SpitAndPolish

Summary

GTK+ supports RGBA-colormaps, which allow to improve the aesthetic looks of the UI, especially in combination with a composited environment (e.g. compiz, metacity with enabled compositor). RGBA-colormaps make it possible to composite child-widgets against their parents background. In addition to that it is also possible to composite top-level windows against the desktop or whatever window is stacked below it, if run under a composited environment. There are two common approaches to make use of this GTK+-feature. The first one is a GTK+-theme engine (e.g. murrine) drawing widgets by default with a RGBA-colormap and choose the opacity on a per-widget-basis. The most popular variation of this - under composited environments - is to have the top-level windows background to be slightly transparent (see screenshot A). The second approach, which also works without a RGBA-capable GTK+-theme, is to manually take care of the clearing and filling of a widgets background in its expose-handler (see screenshots B, C and D).

screenshot A (GTK+-theme-engine murrine with RGBA-support)
http://people.ubuntu.com/~mmueller/spit-and-polish/murrine-rgba.jpg

screenshot B (top-level window composited against desktop)
http://people.ubuntu.com/~mmueller/spit-and-polish/authenticate-rgba.png

screenshot C (top-level window composited against desktop)
http://people.ubuntu.com/~mmueller/spit-and-polish/logout-rgba.png

screenshot D (buttons composited against window-background)
http://people.ubuntu.com/~mmueller/spit-and-polish/brasero-rgba.png

This spec does not have a targetted release of Ubuntu and should rather be viewed as an on-going effort to improve the looks of the desktop in general. Not all mentioned improvements of UI-elements need to be implemented at once, although it would be nicer from a consistency point of view.

Release Note

Decoration-less popup-dialogs now use slightly rounded corners and subtle transparencies in order to make them visually more pleasing and provide a more consistent look in regards to enabled desktop-effects. Main application windows also have very light transparencies now as long as the application does not override this with custom drawing. These visual effects are only active, if desktop-effects are turned on. Also menus and comboboxes use slightly rounded corners to help unify the look of UI-elements.

Rationale

Unification of UI-elements across the desktop needs to be continued. Offering theme-artists and UI-designers greater flexibilty, makes their work more fun thus more productive. Increasing the visual attractiveness of the GNOME- and Ubuntu-desktop is of paramount importance, because users demand and expect good looking desktop-systems these days.
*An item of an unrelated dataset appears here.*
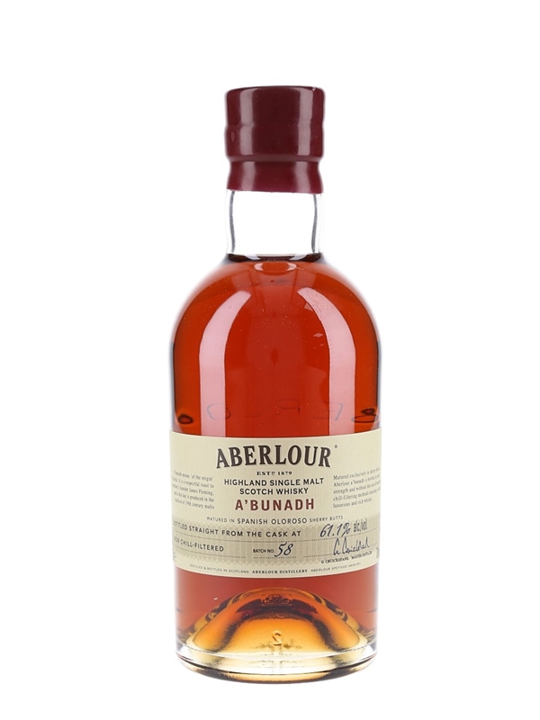 A bottle of Aberlour A'bunadh Highland Single Malt Scotch Whisky, matured in a Spanish oloroso sherry butt and bottled at 61.1% ABV.

Furthermore we need to stay competitive with offereings form other projects and vendors.

Use Cases

A list with dialogs and widgets that should make use of visual enhancements possible due to the use of RGBA-colormaps and a composited desktop (desktop-effects):

mockup of gnome-screensaver's unlock-dialog (already partly implemented)
http://people.ubuntu.com/~mmueller/spit-and-polish/unlock-mockup.png

mockup of GTK+-widget menu
http://people.ubuntu.com/~mmueller/spit-and-polish/menu-mockup.png

mockup of GTK+-widget combobox
http://people.ubuntu.com/~mmueller/spit-and-polish/combobox-mockup.png

mockup of libgksu's authenticate-dialog (already implemented)
http://people.ubuntu.com/~mmueller/spit-and-polish/authenticate-mockup.png

mockup of gnome-session's logout-dialog (already implemented)
http://people.ubuntu.com/~mmueller/spit-and-polish/logout-mockup.png

Design

There are three sections to address. First there are the decoration-less dialogs, which should be drawn with rounded corners - using roughly the same corner-radius as buttons of the set GTK+-theme do - and a slight transparency in the dialogs background. Then there is the GTK+-theme that needs to make use of RGBA-colormaps, thus a theme-artist can make consistent use of transparencies for certain widgets and application-developers can more easily handle RGBA-drawing without needing to do the needed boiler-plate code themselves. Lastly there are a few GTK+-widgets that need to be adjusted in the way they draw themselves to avoid visual glitches when rendered with RGBA-colormaps on non-opaque backgrounds.

Implementation

Decoration-less dialogs

Good examples for decoration-less dialogs are the unlock-dialog of gnome-screensaver, the logout-dialog of gnome-session and the authenticate-dialog of libgksu. The general approach here is to...

  • test if composited is available in the initialization part of the dialog
  • set a rgba-colormap for the main dialog-background
  • only if those two were successful connect a custom handler to its expose-event
  • increase the border-width of the corresponding widget a bit
  • in the custom expose-handler clear the background to fully be transparent
  • get the themes background-color of the normal-state of a widget
  • use that to draw a non-opaque rectangle with rounded corners (yay for cairo! Smile :)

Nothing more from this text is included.